I have a confession: after years of publicly describing my affection for the writing of Wendell Berry, yesterday I finished Jayber Crow for the first time. I cried as discreetly as possible over the heartbreakingly beautiful final pages as I sat alongside this serene creek that feeds into the Cumberland River and among the less serene noises of my family and our friends playing in the creek.
I’m convinced that Jayber may be Berry’s most important work, and I started reading it quite a long time ago. At times I couldn’t quit reading it; other times I was so afraid of coming to the end of it that I read very slowly or put it down for weeks. And then sometime last year, I found myself two chapters from the end, and I set it aside for many months. It never left my mind for more than a day or two, but I left the book unopened until yesterday. I’m not quite sure why yesterday.
While I own dozens of half-read books, those remain unfinished because the author bored me or because I’m too easily bored. This was something else. This was an actual fear of leaving Jayber Crow’s world – or, more precisely, leaving the world as Jayber Crow experienced it.
Jayber’s world is Berry’s partly fictional community of Port William, Kentucky, and Berry has written enough novels and stories about that world to allow me to stay there for some years yet. If given that oft-fantasized choice to live in any real or imagined time and place I’ve known in my almost 41 years, I’m almost certain I would choose to live in Port William, Kentucky in the first half or so of the 20th century.
That impulse isn’t escapism, exactly. Berry’s fiction is so powerful because it is so real. Port William is no utopia, but I see the world more clearly as it was meant to be in the simplicity, beauty, and brokenness of this tiny farming community along the river. I think I want to return there again and again (and would go there given the choice) not because it is free of darkness or hardship, but because I see a way back to innocence and forward to redemption in the light of Port William’s sun, in the shadows of its trees, and in the drifts of its snows.
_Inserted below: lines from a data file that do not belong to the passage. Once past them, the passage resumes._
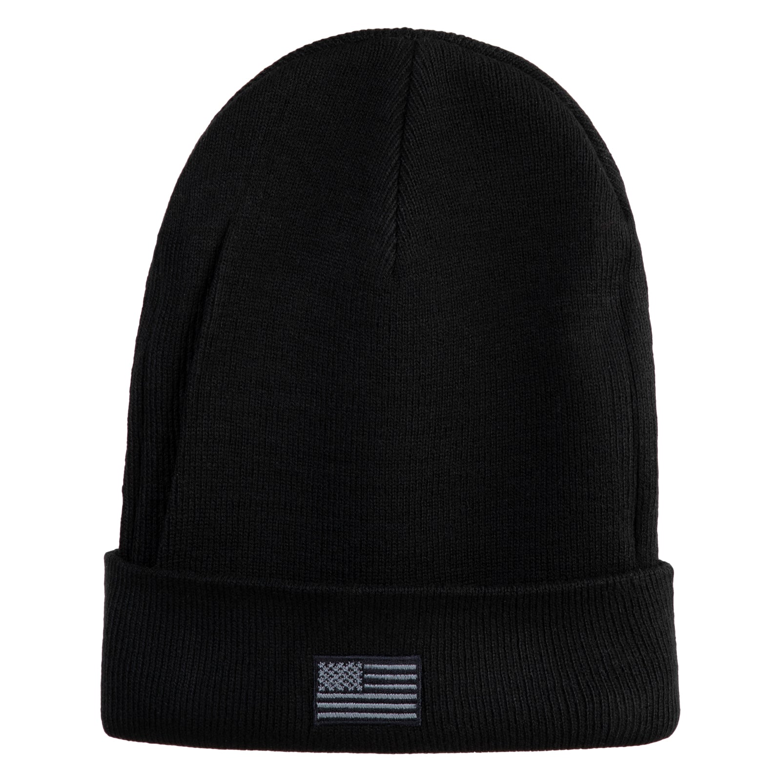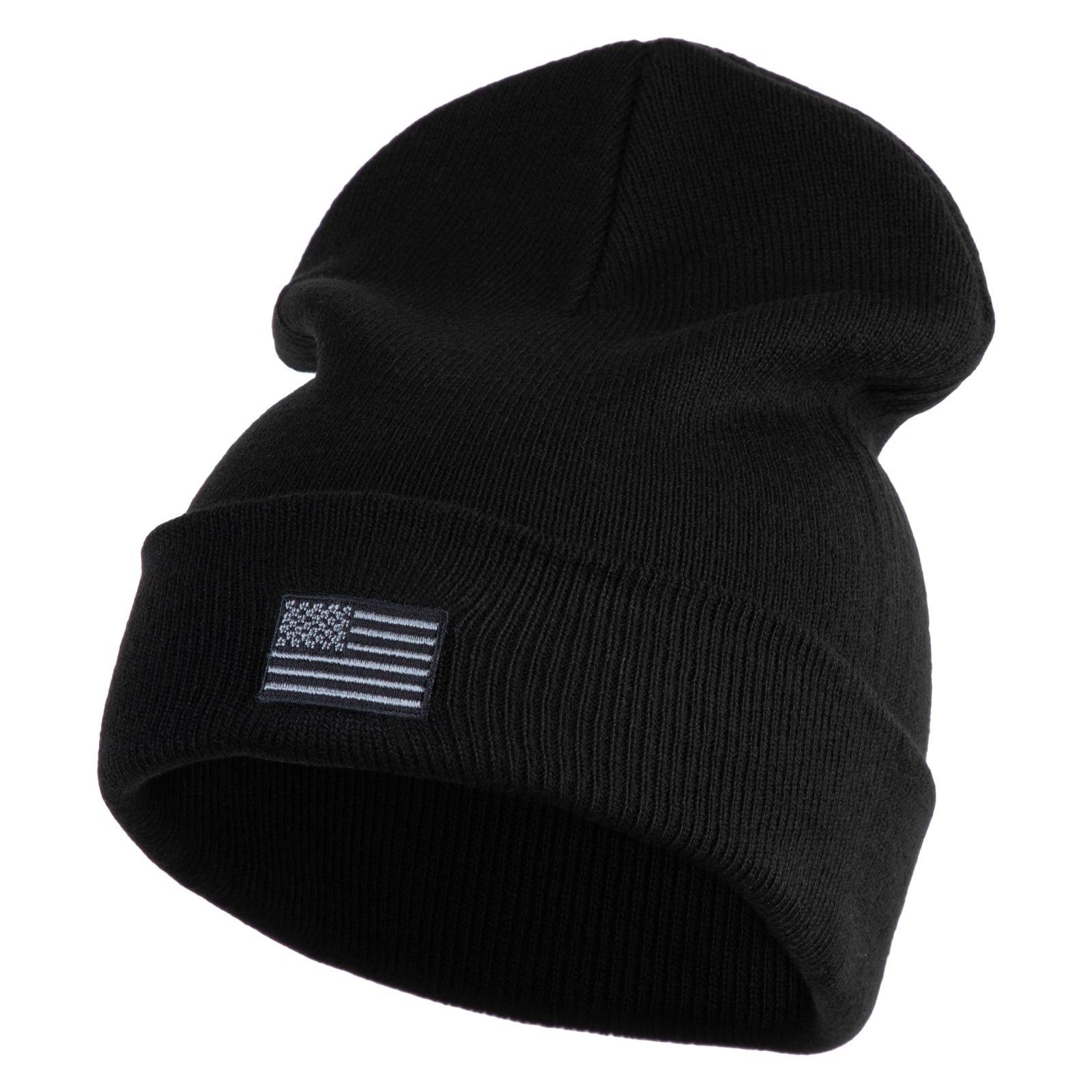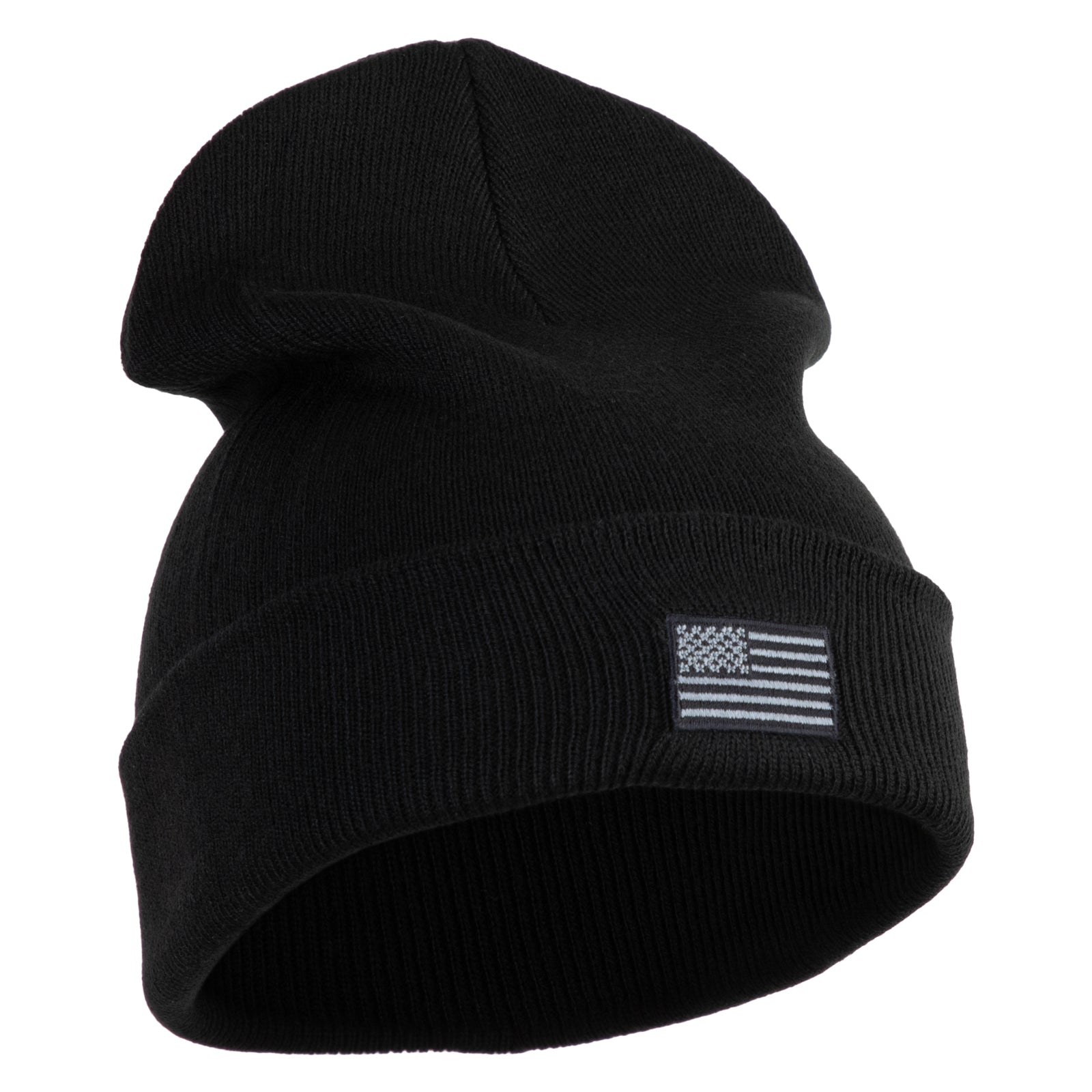 Small Patriotic Grey American Flag Iron on Embroidered Patched 12 Inch Long Knitted Beanie - Black OSFM
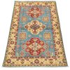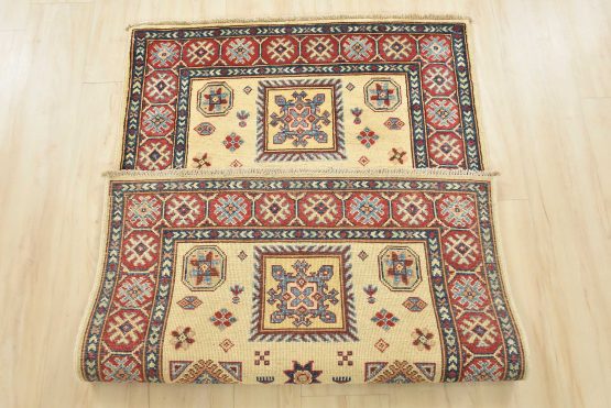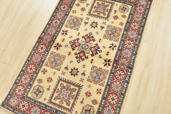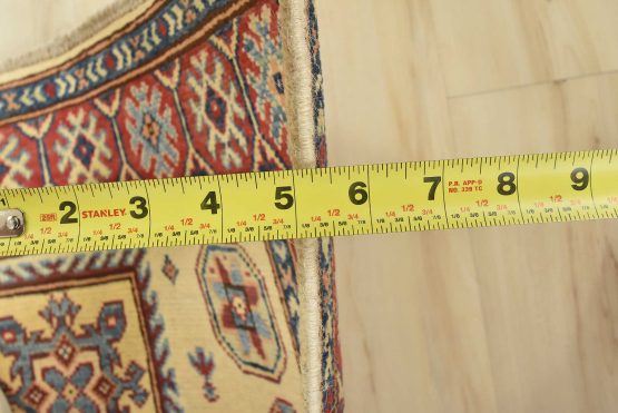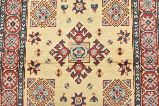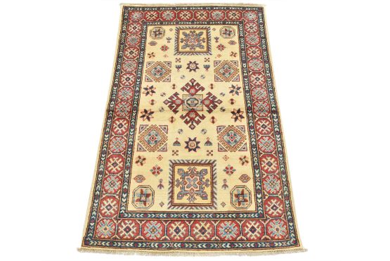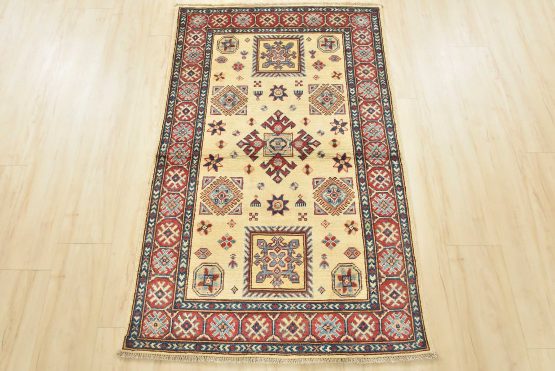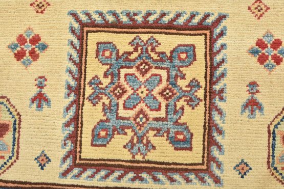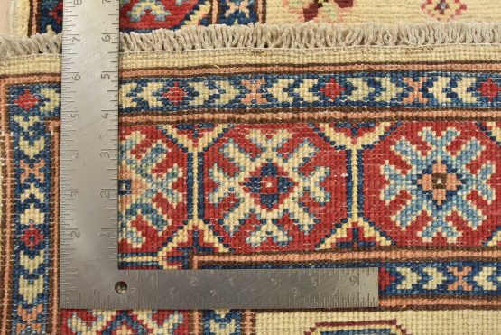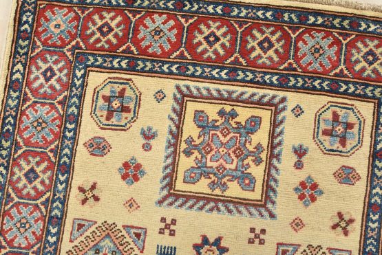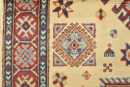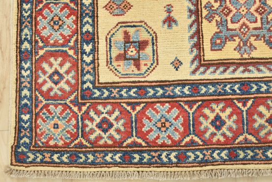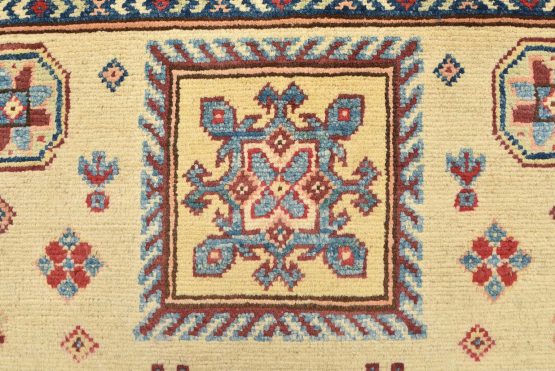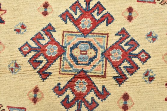 A tribal Caucasian Kazak rug hand-knotted with an all-wool pile on a cotton foundation. This oriental rug features a central geometric medallion surrounded by geometric motifs set against a beige background. It is new and in excellent condition.
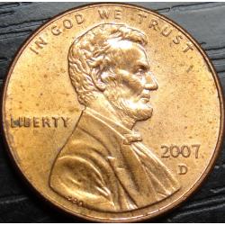 One cent USA 2007 D (Denver mint) / 1 цент 2007 D США (монетний двір Денвер)

But Berry’s real gift to me (and to you if you know what’s good for you) is not that he creates a fantasy into which I can escape, but that he allows me to believe that the world once envisioned and created with care and beauty can be reimagined and recreated to its intended purpose. Today I might choose Port William, but the more time I spend in that world, the more hope I have for its beauty in my own. And that hope gives me the courage to choose and to love the world I’ve been given.